HSV-1 had been detected in periodontitis [18, 21, 23, 36]. Some saliva factors could enhance the infection of gingival fibroblasts by HSV-1 [37]. However, the association between HSV infection and periodontitis was still quite controversial. A study by Stein et al. reported no association between HSV and periodontitis. But only 65 Germans were included in this study, and only one subtype, HSV-1, was tested [24]. A meta-analysis (2015) suggested an inconclusive association between HSV and periodontitis. Only two articles about HSV infection were included in this meta-analysis, the sample size was only 30. And only HSV and HSV-1 were examined, not HSV-2 [25]. Nevertheless, other studies reported that HSV-1 is associated with periodontitis. In one study, HSV-1 was detected in 24.7% of total 89 patients [21]. In another study, more than 100 patients with HSV-1 or HSV-2 infection were included, and HSV-1 was the most common herpes virus associated with periodontitis. However, adjustment for confounding factors was lacking [22]. And another meta-analysis (2017) suggested that HSV-1 is associated with periodontitis. The relationship between HSV-2 and periodontitis is still controversial. The sample size was just over a dozen patients, and adjustment for confounding factors was not performed in it [23].

HSV infection was associated with higher percentage of periodontitis and severe periodontitis. Previous studies indicated that HSVs may play a role in the dynamic pathogenesis of periodontal disease. HSVs are capable of multiplying in gingival tissue. They may have a direct cytopathic effect on fibroblasts, keratinocytes, endothelial cells and inflammatory cells such as polymorphonuclear cells, lymphocyte, macrophages and bone cells [38]. HSVs may also mediate damage to the host immune response and thus play a role in the pathogenesis of periodontal diseases [39]. HSVs can also be observed to play a role in severe periodontitis in the practice of treatment of severe periodontitis. Some studies reported the use of antivirals to treat the refractory periodontitis [40].

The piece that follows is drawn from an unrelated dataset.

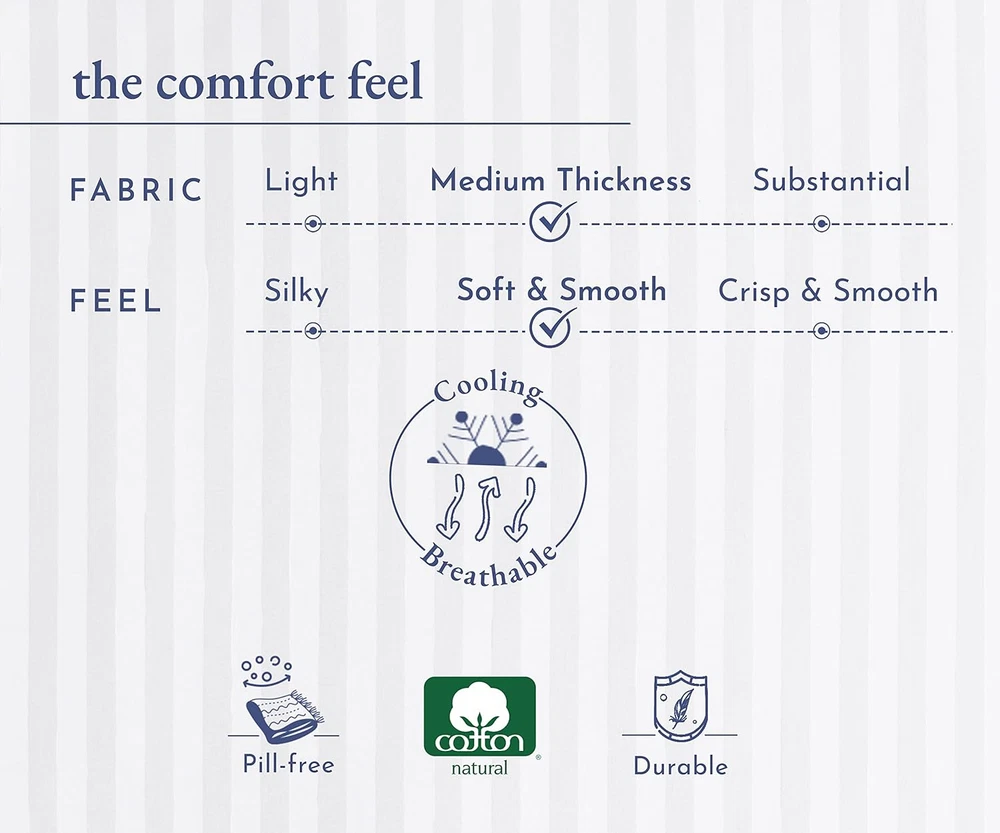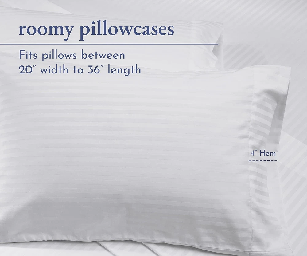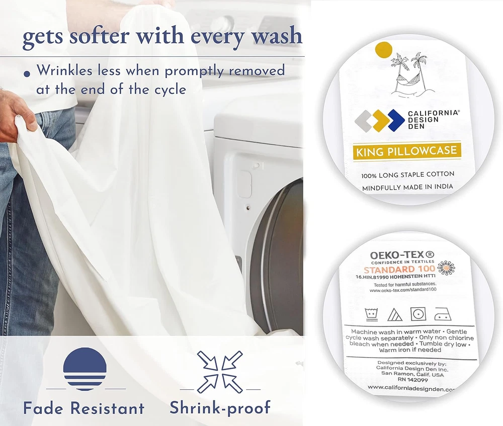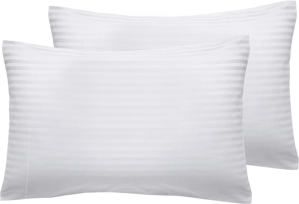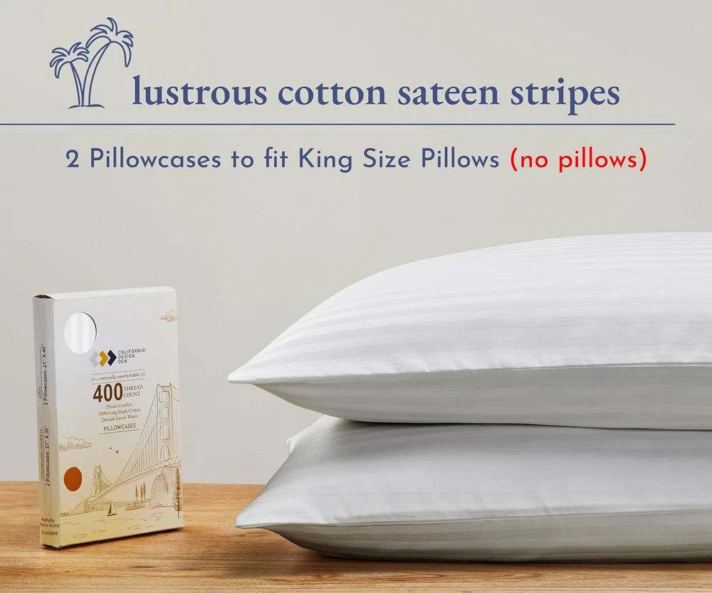 Menu Other Items Feedbacks About Us Contact Us Add To Favorites King Size Pillowcase Set - 400 Thread Count, 100% Cotton Sateen, Luxury Set of 2 Pillow Covers, Breathable, Cooling, Soft for Comfortable Quality Sleep - Striped Bright White Naturally Soft and Cool Pillowcases - Our 400 thread count 100% cotton striped bright white king pillowcase pair is perfect for a restful night's sleep. Made with cooling and breathable cotton, providing comfort for all seasons and for any bedding set. King Size Fit - Our cotton pillowcase set of 2 (21" W x 40" L) are designed for king size pillows. Featuring a 4-inch hem to prevent pillows from slipping out and providing a perfect fit for a quality night's sleep. Easy Care and Wash - The long-staple cotton quality of our pillowcase set ensures durability and longevity, with no pilling or fading for years. Machine wash & dry at regular setting. These pillowcases provide a unique blend of luxury and practicality. Friendly On Your Skin - Our cooling pillow cover is gentle on the skin and naturally breathable, ensuring a cool and comfortable sleeping experience all night long. Ideal for those with sensitive skin. Our Commitment - In 2022 & 2023, we donated over 22,000 pieces of bedding to local charities in the USA. We do not use plastic in our packaging, and our pillowcases are produced in our family-owned and operated factory in India. Each piece is inspected for quality, and we promise to replace any defective products at no cost to you. Buy with confidence with our 30-day return policy, even if you've washed or used our product. Product Description Add to Cart Add to Cart Add to Cart Customer Reviews 4.5 out of 5 stars 79,730 4.5 out of 5 stars 23,023 4.5 out of 5 stars 12,625 4.4 out of 5 stars 3,239 4.3 out of 5 stars 13 3.5 out of 5 stars 119 Price $42.99 $ 42 . 99 $32.99 $ 32 . 99 $54.99 $ 54 . 99 — — — Thread Count 400 400 500 500 NA NA Feel Soft & Smooth Soft & Smooth Silky Soft Silky Soft Soft & Calming Soft & silky Weight Optimum Optimum Light Light 8lb,12lb,15lb NA Features + Benefits Sateen Luxe Weave - A lustrous, closely woven ultra-soft, smooth and shiny satin like fabric King 2 Piece Set – 2 Pillowcases to fit standard pillows: 21" W x 40" L (53cm W x 102cm L) Key Details 100% Long Staple Cotton - Single Ply Yarns Authentic 400 Threads Per Square Inch Soft Sateen Weave Stylish Single Pleat Hem Smart Size indicators for easy use If you love silk pillowcases or satin pillowcases, this 100% cotton pillow cases, sateen-finish set of 2 delivers the same smooth comfort and style with greater breathability and comfort. Every set of 400-thread-count cotton pillowcase features a soft feel, durable construction, and classic style, perfect for any living space. King and Standard options are available. All of our sheets and pillowcases are created using pure cotton yarns. Cotton is combed by hand to filter out impurities and strengthen the fabric. Like our sheets, pillowcases by California Design Den are stitched by a skilled artisan, then checked by hand. This attention to detail makes them superior in look and feel to Egyptian cotton linens. For all color pillowcases to those in brighter hues, we offer a variety of color options for every living space. Our revolutionary new dyes help us to create lush-colored sheets and pillowcases through a process. Whether you are in search of a set of 2 or bulk pillowcases, we have the perfect option for you. This set pairs perfectly with our luxurious, 400-thread-count 100% cotton sheet sets. Whether you’re buying King Pillowcases for a new home, girls bedding or boys’ bedding like cool standard-size Pillowcases as a gift, all-natural cotton California Design Den Pillowcases offer quality and head-turning style at a value you can’t miss. Item Specification Closure Type Side Opening Style Pillowcases Number of Items 2 Color 02 - Striped White Pattern Striped Product Dimensions 40"L x 21"W Material Cotton Country of Origin India Number of Sets 1 Item Weight 14.7 ounces Size King Item Display Dimensions 6 x 9 x 1.25 inches Thread Count 400 Recommended Uses For Product Skin Protection, Indoor Special Feature 100% Cotton, Natural & Sustainable, Cooling, Lightweight, No-Shrink, No-Fade, No-Tear, Anti-Pilling Fabric Type Cotton Sateen Product Care Instructions Machine Wash, Tumble Dry Number of Pieces 2 Dimensions Shipping Returns Additional Info Product Dimensions: 21.0 "w x 40.0 "w. Weight: 14.7 oz Fast shipping is very important for us. Our standard shipping service is FREE. Your order will be shipped within 1-3 business days upon full payment received. Most items are delivered within 3-5 business days, however, please allow 3-10 business days. We are shipping only to USA. We only ship to the confirmed Paypal address. We reserve the right to cancel any order for any reason at any time. We are not responsible for undeliverable addresses. We offer a 30 day return policy from checkout winning date. Your satisfaction is guaranteed! If for any reason you are unhappy with your item, just return it within 30 days for a full refund, minus shipping cost. Please contact us prior to initiating a return so that we can issue you a refund authorization. Items defective upon receipt must be packaged in their retail packaging as if new and returned with a detailed description of the problem. Return shipping fees are not refundable. We reserve the right to decline any returns if the above guidelines are not followed. All of our items, unless otherwise stated, will only run on 120 volts. Please check to make sure your country complies with these specifications. If you have a problem or question regarding your transaction please contact us before leaving any type of feedback. We will work with you to resolve any problem you may have.

We further subdivided the HSV infection status. According to our findings, HSV-1 (-) & HSV2 ( +) infection was not significantly associated with periodontitis but the HSV-1 ( +) & HSV2 (-) infection was. The possible reasons for this result may be multifactorial. There was a difference in the detection rate of the two HSV subtypes in periodontitis. Studies have reported significantly higher detection rates for HSV-1 than for HSV-2 [41]. On the other hand, the study also claimed that the presence of HSV-1 was positively associated with the presence of Porphyromonas gingivalis, Prevotella intermedia, Tannerella forsythia, and Campylobacter rectus. Whereas, the presence of HSV-2 was not associated with the presence of putative pathogenic bacteria in the above-mentioned periodontitis lesions [41].

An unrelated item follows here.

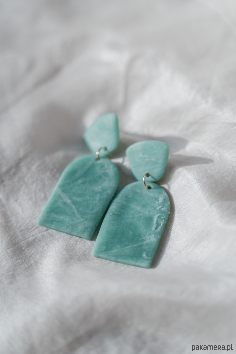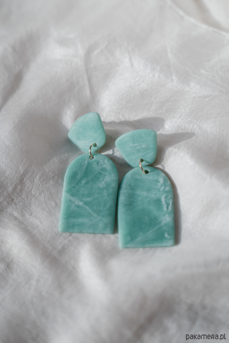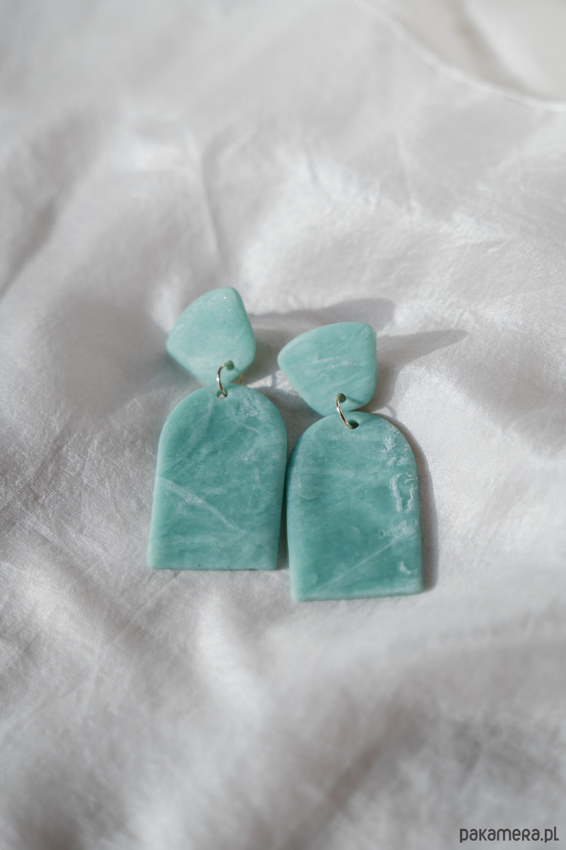 Wiszące kolczyki wykonane z gliny polimerowej i żywicy, na sztyfcie ze stali nierdzewnej.

Our results revealed that HSV-1 infection was notably associated with periodontitis and HSV-2 was associated with periodontitis only in the subgroups of people aged between 40–50 years and the Mexican–Americans. In disagreement with previous studies, HSV-1 was significantly associated with periodontitis [21,22,23]. In contrast, almost all previous studies have found no relationship between HSV-2 and periodontitis. In our study, we found that HSV-2 was associated with periodontitis in specific subgroups, and that both HSV-1 and HSV-2 were related to the occurrence of severe periodontitis. A reasonable explanation for this phenomenon is that the HSV‐bacteria interaction contributes to the onset of rapid, severe periodontitis. The traditional etiology of periodontitis suggests its formation by calculus and biofilms containing non-specific microorganisms [42]. However, this theory fails to explain the following two phenomena: the low occurrence of periodontitis in people with a biofilm mass and, conversely, the beginning and rapid progression of typical juvenile periodontitis with virtually no detectable calculus and biofilms. In the late 1990s, the role of HSV in the etiology of periodontitis was noted, and it has been assumed that the microorganisms that cause periodontitis are specific [20, 43, 44]. Once infected with HSV, the host becomes a lifetime carrier. The balance between HSV toxicity and the host's anti-HSV defense mechanism may be critical in determining the development of periodontitis. On the other hand, the destruction of oral epithelial barrier by periodontitis may also aggravate the invasion and virulence of HSV. Moreover, saliva from certain populations can increase the susceptibility of gingival fibroblasts to HSV-1 [37]. Similarly, the Mexican subgroup may have a genetic susceptibility to HSV-2, and localized juvenile periodontitis may be due to hormonal induction in adolescence or loss of host immune defense, which leads to the reactivation of latent HSV in the periodontal region [45].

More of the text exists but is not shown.